Leia o depoimento de Genilda Gomes, aposentada, de 73 anos:

De 2019 para cá, depois que minha mãe faleceu, eu passei a viajar muito mais. Também não tenho responsabilidade com filho agora. Então, seja com grupo de excursão ou por conta própria, eu vou. Neste ano, já fui para Sicília e Malta, na Europa, e São Luís do Maranhão. As viagens internacionais são sempre com a mesma agência de viagens. Exige um planejamento maior, às vezes leva anos. Eu entro em contato por Whatsapp, e a atendente compra para mim passagem e hospedagem. Mas para as viagens nacionais é questão de oportunidade. Numa conversa alguém pergunta se quero ir para algum lugar e eu aceito. Eu mesma faço as reservas pela internet às vezes. Vou com amigas, primas, casais, sempre um grupo diferente, todos com mais de 70 anos. São pessoas que gostam muito de viajar. O meu propósito é conhecer a vida fora do meu mundinho. Então a viagem tem que ter um pouco de tudo: visita ao centro histórico e natureza. A gente se reúne antes para organizar o roteiro e procura seguir depois. Em agosto vou para Salvador (BA) e já estou amadurecendo a ideia de no futuro ir ao Marrocos.
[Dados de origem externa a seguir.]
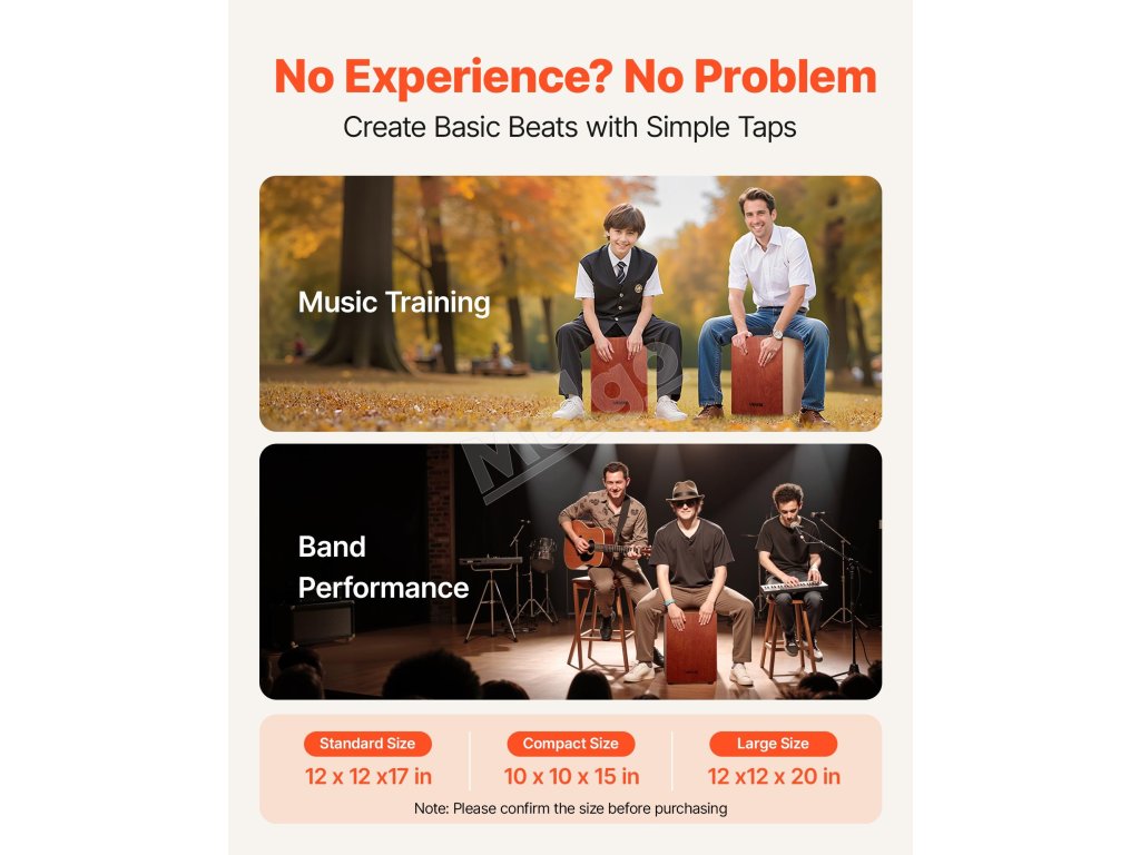 Náš bubon cajon je skonštruovaný tak, aby sa prispôsobil vašim rukám, a preto poskytuje bezproblémové ovládanie a prirodzený pocit pri každom údere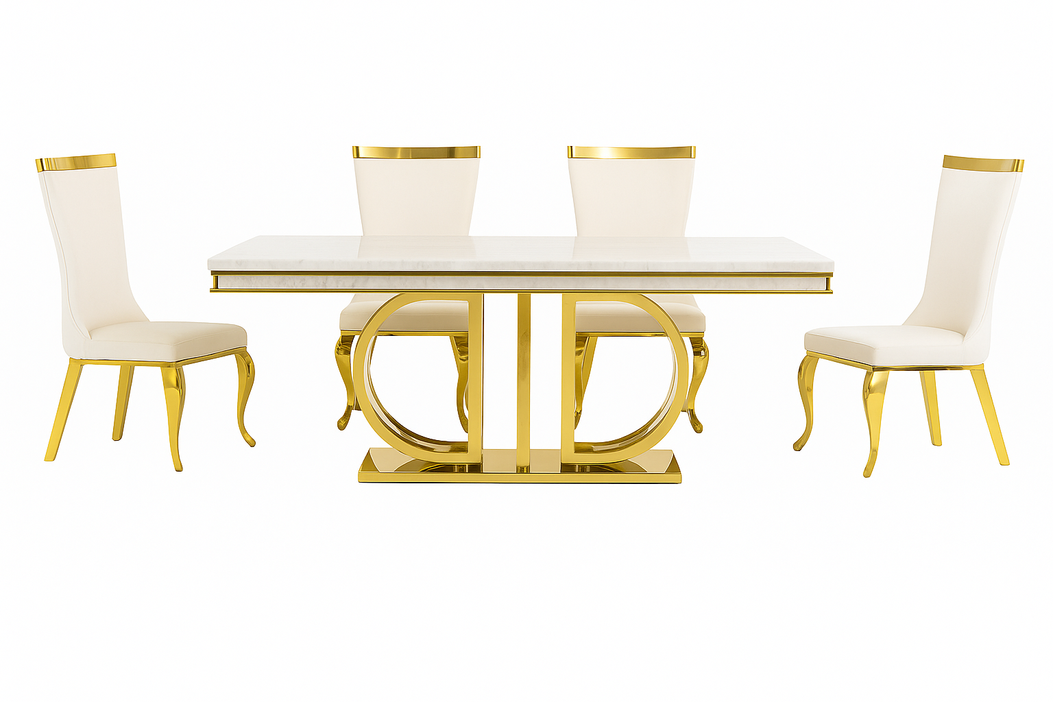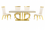 The set includes four high-back dining chairs upholstered in premium white fabric, featuring refined gold accents that beautifully match the table’s base. Designed for both comfort and style, these chairs offer plush seating and a graceful silhouette ideal for family gatherings or elegant dinner parties.
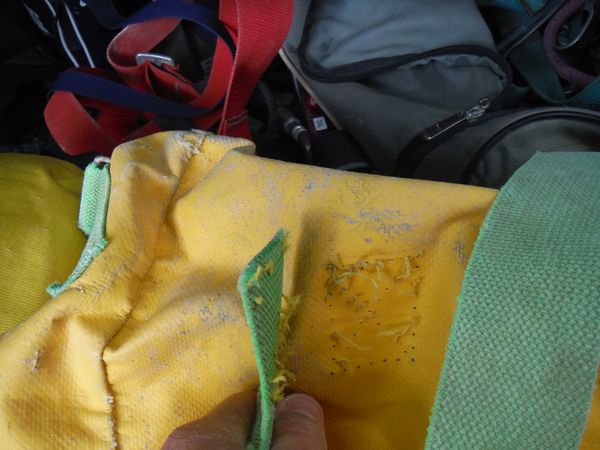 Gli mostro lo zaino fedifrago con il maniglione scucito, quello che ha causato la caduta del trapano di Giuseppe al Vorgozzino. Ora il trapano e’ in riparazione, speriamo si chiuda presto questa triste parentesi.

Setor ainda não está preparado

A população com mais de 50 anos já representa 61 milhões de brasileiros, 28% da população. E deve fazer do Brasil o sexto país mais velho do mundo até 2050. Mas, mesmo com tanta importância para o turismo, 74% dos idosos com 60 anos ou mais não sentem que as experiências de viagem são pensadas para a idade deles.

A pesquisa mostra que os idosos não estão longe da tecnologia: 64% usam aplicativos de viagem para pesquisar destinos e 25% já usam ferramentas de inteligência artificial, como o ChatGPT. Mas, no final, muitos preferem atendimento humano. E encontram dificuldades no serviço das empresas.

Em primeiro lugar, as equipes precisam ser treinadas para atender esse público, que exige mais atenção. Além disso, esses viajantes não querem mais ir para a praia e só olhar o mar. Eles sentem falta de experiências, como um passeio pela cidade ou uma aula de cerâmica. Mas quando as agências oferecem isso, a intensidade dos programas não corresponde à realidade deles. Eles precisam de mais calma e horários alternativos, avalia Cléia.